For the material below, return exactly the lines starting at the line containing "Please find a" and ending at the line containing "パソコンの使い方・疑問 / メール設定", both ends included, and no others.

##########

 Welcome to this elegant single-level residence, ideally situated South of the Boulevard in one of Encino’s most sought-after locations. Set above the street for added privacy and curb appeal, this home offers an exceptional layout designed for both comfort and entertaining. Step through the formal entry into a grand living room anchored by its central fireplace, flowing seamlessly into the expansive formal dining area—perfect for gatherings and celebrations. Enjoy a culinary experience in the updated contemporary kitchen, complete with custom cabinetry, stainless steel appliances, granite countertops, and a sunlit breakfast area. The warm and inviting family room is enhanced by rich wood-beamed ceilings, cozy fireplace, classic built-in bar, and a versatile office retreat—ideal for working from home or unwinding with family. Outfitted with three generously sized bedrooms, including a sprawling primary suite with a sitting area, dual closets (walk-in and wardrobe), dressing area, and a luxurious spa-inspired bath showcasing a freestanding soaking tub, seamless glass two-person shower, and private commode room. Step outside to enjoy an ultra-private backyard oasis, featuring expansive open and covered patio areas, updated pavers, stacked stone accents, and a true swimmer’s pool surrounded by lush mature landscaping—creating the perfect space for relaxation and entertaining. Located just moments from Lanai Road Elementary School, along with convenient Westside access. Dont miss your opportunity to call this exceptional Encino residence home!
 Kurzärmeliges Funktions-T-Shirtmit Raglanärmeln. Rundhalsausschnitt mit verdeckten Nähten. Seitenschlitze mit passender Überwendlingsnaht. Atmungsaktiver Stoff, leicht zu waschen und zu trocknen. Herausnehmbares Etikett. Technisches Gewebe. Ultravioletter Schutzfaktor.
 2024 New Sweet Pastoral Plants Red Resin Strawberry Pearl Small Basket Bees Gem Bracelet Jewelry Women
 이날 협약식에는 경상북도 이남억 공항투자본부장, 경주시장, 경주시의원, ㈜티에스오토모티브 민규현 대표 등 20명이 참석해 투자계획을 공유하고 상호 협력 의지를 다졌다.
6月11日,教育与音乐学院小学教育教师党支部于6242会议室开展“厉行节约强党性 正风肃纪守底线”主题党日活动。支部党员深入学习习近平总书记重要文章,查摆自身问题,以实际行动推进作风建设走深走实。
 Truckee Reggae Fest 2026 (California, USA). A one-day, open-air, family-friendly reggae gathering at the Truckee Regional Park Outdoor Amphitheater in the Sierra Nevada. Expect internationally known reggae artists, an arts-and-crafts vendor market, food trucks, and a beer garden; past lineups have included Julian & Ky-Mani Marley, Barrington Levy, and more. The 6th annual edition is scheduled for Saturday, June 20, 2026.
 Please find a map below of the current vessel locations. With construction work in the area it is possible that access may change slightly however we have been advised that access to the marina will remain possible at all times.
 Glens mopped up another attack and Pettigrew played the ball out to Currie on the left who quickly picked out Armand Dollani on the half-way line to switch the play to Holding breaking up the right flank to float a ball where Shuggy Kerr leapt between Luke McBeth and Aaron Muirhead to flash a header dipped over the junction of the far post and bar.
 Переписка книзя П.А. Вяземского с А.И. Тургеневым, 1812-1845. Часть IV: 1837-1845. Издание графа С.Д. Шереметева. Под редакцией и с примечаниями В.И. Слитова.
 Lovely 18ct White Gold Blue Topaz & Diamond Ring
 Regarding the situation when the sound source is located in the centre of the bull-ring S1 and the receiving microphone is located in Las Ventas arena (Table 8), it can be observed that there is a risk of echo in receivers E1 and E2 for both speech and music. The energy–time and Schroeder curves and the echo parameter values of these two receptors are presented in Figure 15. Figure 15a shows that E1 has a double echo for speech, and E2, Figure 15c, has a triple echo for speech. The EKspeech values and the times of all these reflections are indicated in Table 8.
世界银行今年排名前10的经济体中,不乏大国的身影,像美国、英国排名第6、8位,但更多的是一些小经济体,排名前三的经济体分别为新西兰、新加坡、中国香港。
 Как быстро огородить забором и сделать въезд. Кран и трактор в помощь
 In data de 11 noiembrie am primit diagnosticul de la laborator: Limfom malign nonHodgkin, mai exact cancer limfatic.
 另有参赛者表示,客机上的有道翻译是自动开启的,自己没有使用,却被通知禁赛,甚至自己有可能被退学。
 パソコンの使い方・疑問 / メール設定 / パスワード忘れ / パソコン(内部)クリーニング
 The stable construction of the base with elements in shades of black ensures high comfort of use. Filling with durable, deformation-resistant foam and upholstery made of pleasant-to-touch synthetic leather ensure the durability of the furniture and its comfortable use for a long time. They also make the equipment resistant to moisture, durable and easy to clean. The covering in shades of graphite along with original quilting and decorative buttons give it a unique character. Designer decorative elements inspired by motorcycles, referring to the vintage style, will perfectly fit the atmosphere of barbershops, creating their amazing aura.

##########

» **Answer to this exercise**:
 Please find a map below of the current vessel locations. With construction work in the area it is possible that access may change slightly however we have been advised that access to the marina will remain possible at all times.
 Glens mopped up another attack and Pettigrew played the ball out to Currie on the left who quickly picked out Armand Dollani on the half-way line to switch the play to Holding breaking up the right flank to float a ball where Shuggy Kerr leapt between Luke McBeth and Aaron Muirhead to flash a header dipped over the junction of the far post and bar.
 Переписка книзя П.А. Вяземского с А.И. Тургеневым, 1812-1845. Часть IV: 1837-1845. Издание графа С.Д. Шереметева. Под редакцией и с примечаниями В.И. Слитова.
 Lovely 18ct White Gold Blue Topaz & Diamond Ring
 Regarding the situation when the sound source is located in the centre of the bull-ring S1 and the receiving microphone is located in Las Ventas arena (Table 8), it can be observed that there is a risk of echo in receivers E1 and E2 for both speech and music. The energy–time and Schroeder curves and the echo parameter values of these two receptors are presented in Figure 15. Figure 15a shows that E1 has a double echo for speech, and E2, Figure 15c, has a triple echo for speech. The EKspeech values and the times of all these reflections are indicated in Table 8.
世界银行今年排名前10的经济体中,不乏大国的身影,像美国、英国排名第6、8位,但更多的是一些小经济体,排名前三的经济体分别为新西兰、新加坡、中国香港。
 Как быстро огородить забором и сделать въезд. Кран и трактор в помощь
 In data de 11 noiembrie am primit diagnosticul de la laborator: Limfom malign nonHodgkin, mai exact cancer limfatic.
 另有参赛者表示,客机上的有道翻译是自动开启的,自己没有使用,却被通知禁赛,甚至自己有可能被退学。
 パソコンの使い方・疑問 / メール設定 / パスワード忘れ / パソコン(内部)クリーニング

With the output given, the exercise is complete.